In the new decade, we see a growing need for investors to focus increasingly on themes for equity investing. The reality is that there are some growing challenges for top-down allocators to make regional and sectoral equity decisions. Changes in technology, consumption patterns, regulation, market structure and competitive dynamics are driving increased stock return dispersion, both at a within-country and within-sector level. Looking through a long-run theme lens can help investors to unravel the underlying growth drivers behind an industry’s evolution, reinforcing an active bottom-up stock selection process.

As highlighted in our 2021 Long-Term Capital Market Assumptions, we see trend growth projections remaining subdued and public market expected returns over the next 10-15 years generally lackluster, necessitating A new portfolio for a new decade¹. In a similar vein, we are launching this new publication, Themes for a new decade, with the objective of exploring key structural trends that we believe can fundamentally drive the future industry landscape. Investors with the ability to identify companies that can increase revenues, adapt and innovate their business models to these industry trends and capture structural growth potential can potentially enhance their public market equity returns.

In this inaugural publication, we shine the spotlight on How Internet of Things (IoT) will change our world. We recognize that the world we live in today is undergoing rapid digital transformation, and the world we will live in tomorrow will become increasingly connected with widespread technology adoption. Technological developments have connected human to device, and we are advancing toward connecting human-device–human. Here, we take a closer look at two of the most widely used applications of IoT, namely manufacturing (industrial automation) and transportation/mobility (autonomous vehicles).

Industrial automation

The adoption of industrial automation (IA) is still in a nascent stage, and there remains huge secular growth potential across the robotic, vision and laser industries.

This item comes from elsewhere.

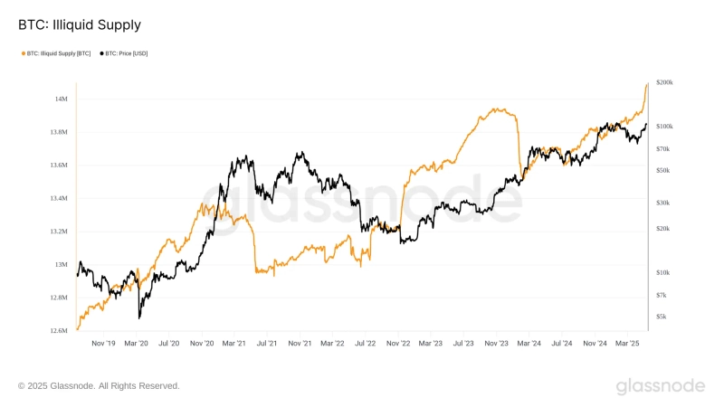 On the 13th (local time), Cointelegraph cited Glassnode data, stating, "The illiquid supply of Bitcoin has reached 14 million BTC, marking an all-time high." It further analyzed, "Whales and institutions are continuously accumulating Bitcoin."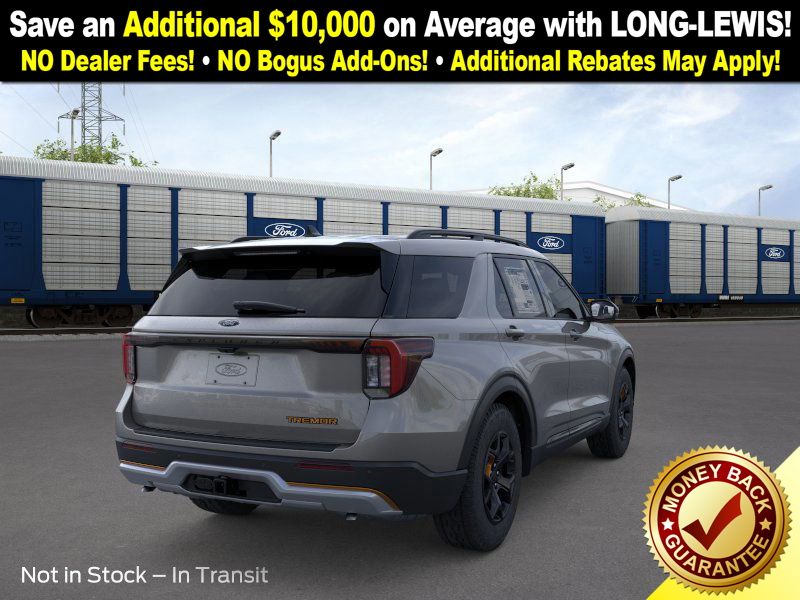 Carbonized Gray Metallic 2026 Ford Explorer Tremor NFT 4WD 10-Speed Automatic 3.0L EcoBoost V6 4WD, 10 Speakers, 3rd Row PowerFold Seats, 3rd row seats: bench, 4-Wheel Disc Brakes, ABS brakes, Air Conditioning, Alloy wheels, AM/FM radio: SiriusXM with 360L, Ambient Lighting, Apple CarPlay/Android Auto, Auto High-beam Headlights, Automatic temperature control, BlueCruise Hardware, Brake assist, Bumpers: body-color, Compass, Delay-off headlights, Driver door bin, Driver vanity mirror, Dual front impact airbags, Dual front side impact airbags, Electronic Stability Control, Emergency communication system: 911 Assist, Exterior Parking Camera Rear, Four wheel independent suspension, Front anti-roll bar, Front Bucket Seats, Front Center Armrest, Front dual zone A/C, Front fog lights, Front License Plate Bracket, Front reading lights, Fully automatic headlights, Heated door mirrors, Heated front seats, Heated rear seats, Heated steering wheel, Heated/Ventilated Miko Captain's Chairs, Illuminated entry, Internet access capable: FordPass Connect 5G, Knee airbag, Leather steering wheel, Low tire pressure warning, Memory Driver's Seat, Multicontour Seats with Front Active Motion, Navigation System, Occupant sensing airbag, Outside temperature display, Overhead airbag, Overhead console, Panic alarm, Panoramic Fixed Glass Roof with Power Shade, Passenger door bin, Passenger vanity mirror, Power door mirrors, Power driver seat, Power Liftgate, Power passenger seat, Power steering, Power windows, Power-Folding with Autofold Side Mirrors, Radio: B&O Sound System by Bang & Olufsen, Radio: B&O Sound System by Bang and Olufsen, Rain-Sensing Wipers (front Only), Rear air conditioning, Rear anti-roll bar, Rear reading lights, Rear window defroster, Rear window wiper, Remote keyless entry, SecuriCode Keyless Entry Keypad, Security system, Speed control, Speed-sensing steering, Speed-Sensitive Wipers, Split folding rear seat, Spoiler, Sport steering wheel, Steering wheel mounted audio controls, Tachometer, Telescoping steering wheel, Tilt steering wheel, Traction control, Tremor Ultimate Package, Trip computer, Variably intermittent wipers, Ventilated front seats, Wheels: 18" High Gloss Black-Painted Aluminum, 4WD.

For example, according to the International Federation of Robotics (IFR), the global average robot density in the manufacturing industry has now reached 113 units per 10,000 employees. However, this is still significantly below that in Japan (364) and Germany (346), and a small fraction of that in Singapore (918) and South Korea (855), thereby suggesting that there is much room for other markets to catch up (see Exhibit 1).

The adoption of industrial automation has enormous room for growth
Exhibit 1: Robot density in the manufacturing industry, 2019
Robots installed per 10,000 employees

Source: International Federation of Robotics, J.P. Morgan Asset Management. Data reflect most recently available as of 31/1/21.

Industry 4.0 – the fourth revolution of manufacturing

Source: Shutterstock, J.P. Morgan Asset Management.

China’s robot density (187) ranks 15^th worldwide, but it has been the most aggressive in capacity expansion, accounting for greater than 40% of the annual industrial robot installations in 2019. Back in 2015, automation was a means for China to upgrade its manufacturing sector (“Made in China 2025”) and address its shortage of labor. Today, automation has become increasingly important in helping China to achieve self-sufficiency in high-tech manufacturing and promote productivity growth under its dual circulation strategy (the latter spurred by the U.S.-China trade tension), as manufacturing wage inflation rises.

Across the Pacific, President Biden has recently signed an executive order to “Buy American,” aimed at revitalizing the U.S. manufacturing sector and localizing supply chains.² Since re-shoring suggests higher costs (e.g. labor costs), some U.S. manufacturers may increase automation, in order to enhance productivity and retain their profit margins.

Apart from capacity expansion, demand for automation is expected to come from capacity upgrades associated with new technologies. Industry 4.0 (Industrial Internet of Things (IIoT)) – the fourth revolution in manufacturing - follows close on the heels of Industry 3.0. Under Industry 3.0 (Digitization), most factory equipment (e.g. robots, machine tools and laser equipment) and enterprise processes have already been automated and digitalized.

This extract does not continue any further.